Before returning the data, strip out the pictures and keep everything else exactly the same.

[[ DATA BELOW, beginning ]]

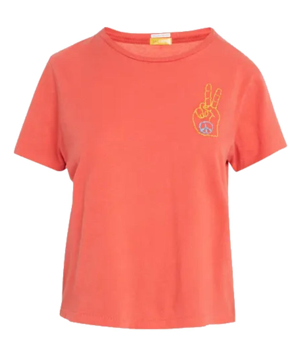 Look no further, you just found your perfect tee! This classic short-sleeve tee features a crew ribbed neckline and an easy pullover style. Made from 100% cotton for a soft, breathable feel, it’s finished with a small peace sign embroidery on the left chest for a subtle touch of personality.
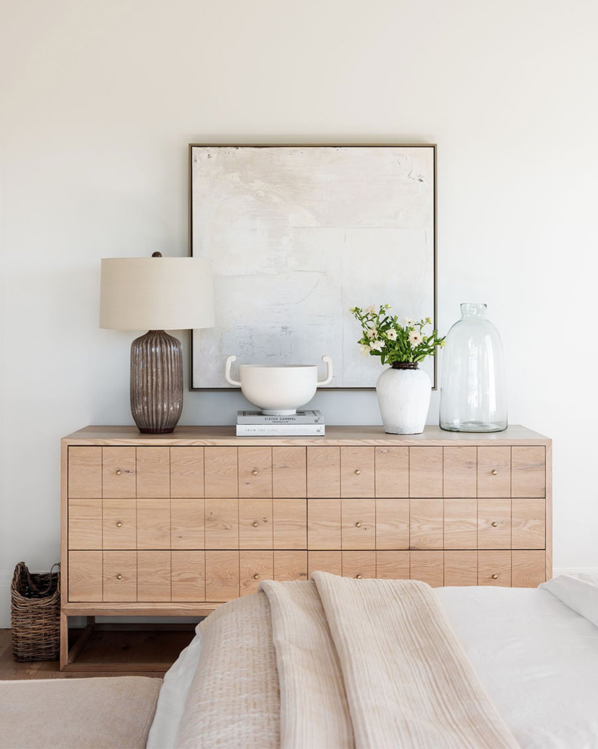 With a sophisticated, intricate design, our Huxton Dresser looks good from every angle. During the design process of this beauty, we knew we wanted to create a piece that was both functional and detailed. We chose an etched grid pattern for the front drawers to draw interest, then centered the brass pulls on the end of each drawer for function. Finished with a unique boxed leg detail, this dresser creates a light and airy moment in any bedroom, from traditional to modern.
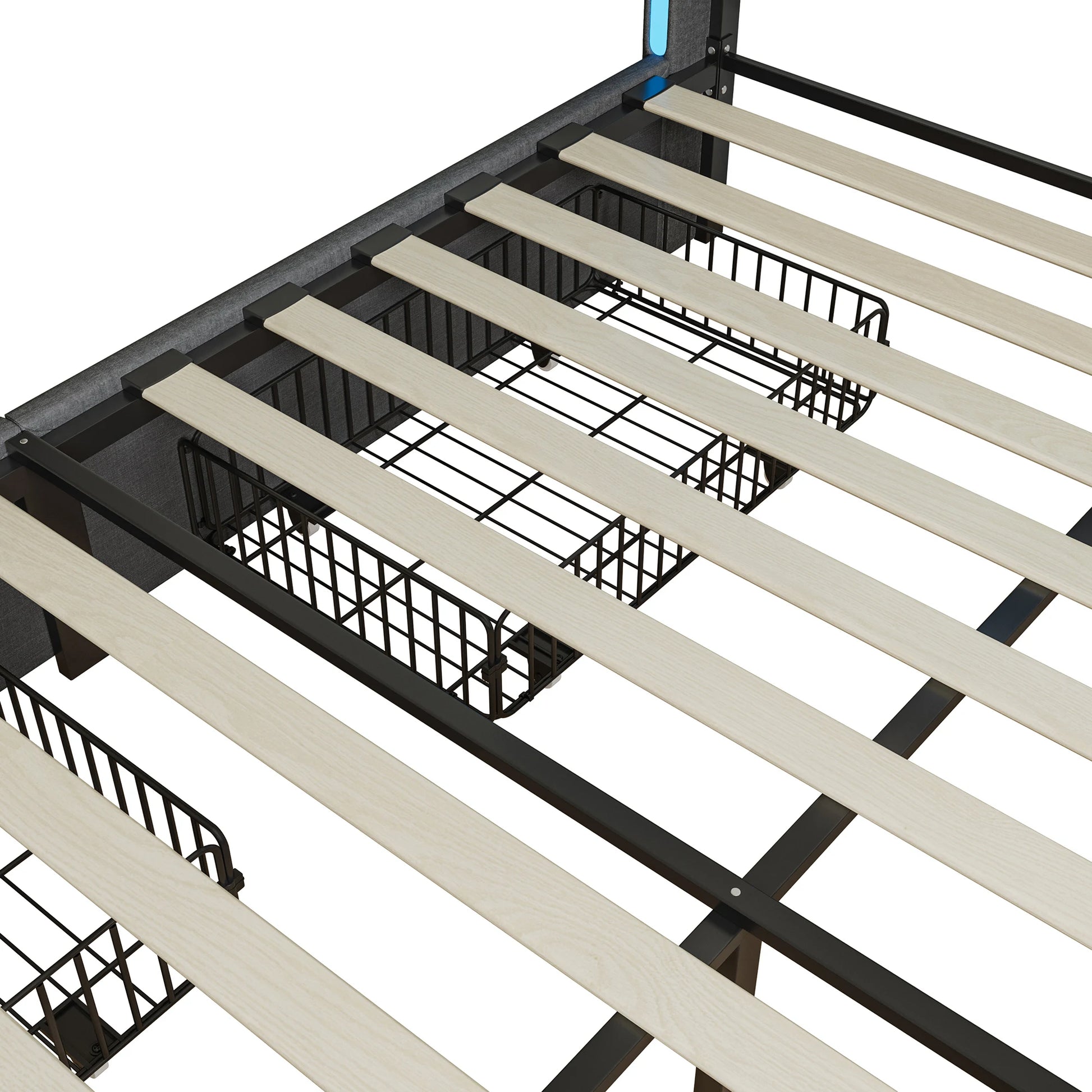 Polsterbett 140x200 cm,LED Doppelbett mit 4 Schubladen und Lattenrost,Kopfteil mit stauraum und USB-Ladefunktion,Bettgestell

[[ DATA BELOW, end ]]

*SOLUTION TO THIS TASK*.
 Look no further, you just found your perfect tee! This classic short-sleeve tee features a crew ribbed neckline and an easy pullover style. Made from 100% cotton for a soft, breathable feel, it’s finished with a small peace sign embroidery on the left chest for a subtle touch of personality.
 With a sophisticated, intricate design, our Huxton Dresser looks good from every angle. During the design process of this beauty, we knew we wanted to create a piece that was both functional and detailed. We chose an etched grid pattern for the front drawers to draw interest, then centered the brass pulls on the end of each drawer for function. Finished with a unique boxed leg detail, this dresser creates a light and airy moment in any bedroom, from traditional to modern.
 Polsterbett 140x200 cm,LED Doppelbett mit 4 Schubladen und Lattenrost,Kopfteil mit stauraum und USB-Ladefunktion,Bettgestell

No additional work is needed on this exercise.